### What to produce
Repeat, word for word, all the data that follows, and exclude the pictures.

### Provided material
──────────

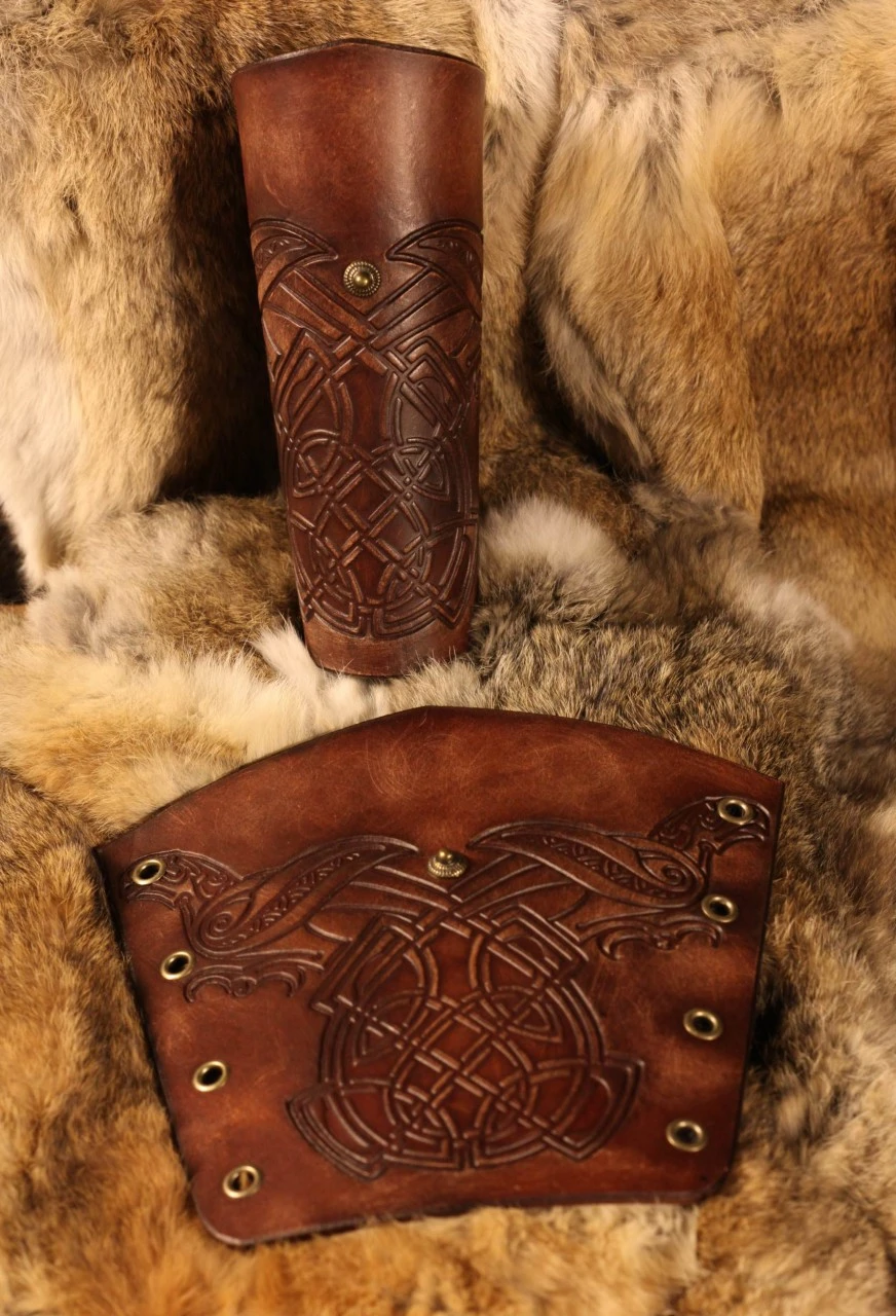 Leather Vambraces Raven, made of 3.5mm veg tan leather, embossed with a norse raven design.
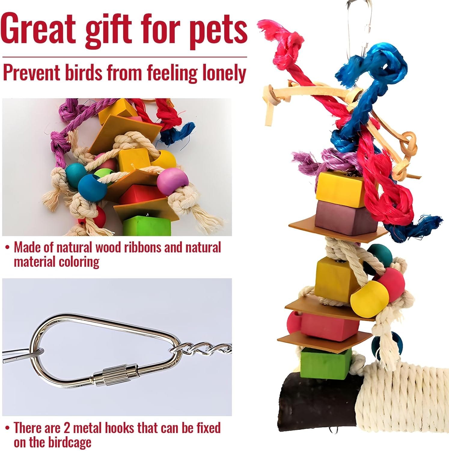 ❤ Materiales naturales y no tóxicos: este juguete para pájaros está hecho de ganchos metálicos, tiras de madera natural, colores con materiales naturales.
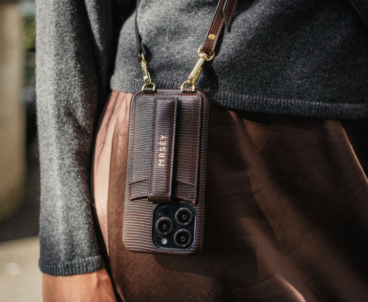 Keep your iPhone within reach with MRSÉYs elegant iPhone Case crafted from vegan PU leather. Can be worn across your body or around your neck. Two compartments with a handy pull-out tab perfect for your credit cards or ID. Includes strap.

──────────

### Exercise solution
 Leather Vambraces Raven, made of 3.5mm veg tan leather, embossed with a norse raven design.
 ❤ Materiales naturales y no tóxicos: este juguete para pájaros está hecho de ganchos metálicos, tiras de madera natural, colores con materiales naturales.
 Keep your iPhone within reach with MRSÉYs elegant iPhone Case crafted from vegan PU leather. Can be worn across your body or around your neck. Two compartments with a handy pull-out tab perfect for your credit cards or ID. Includes strap.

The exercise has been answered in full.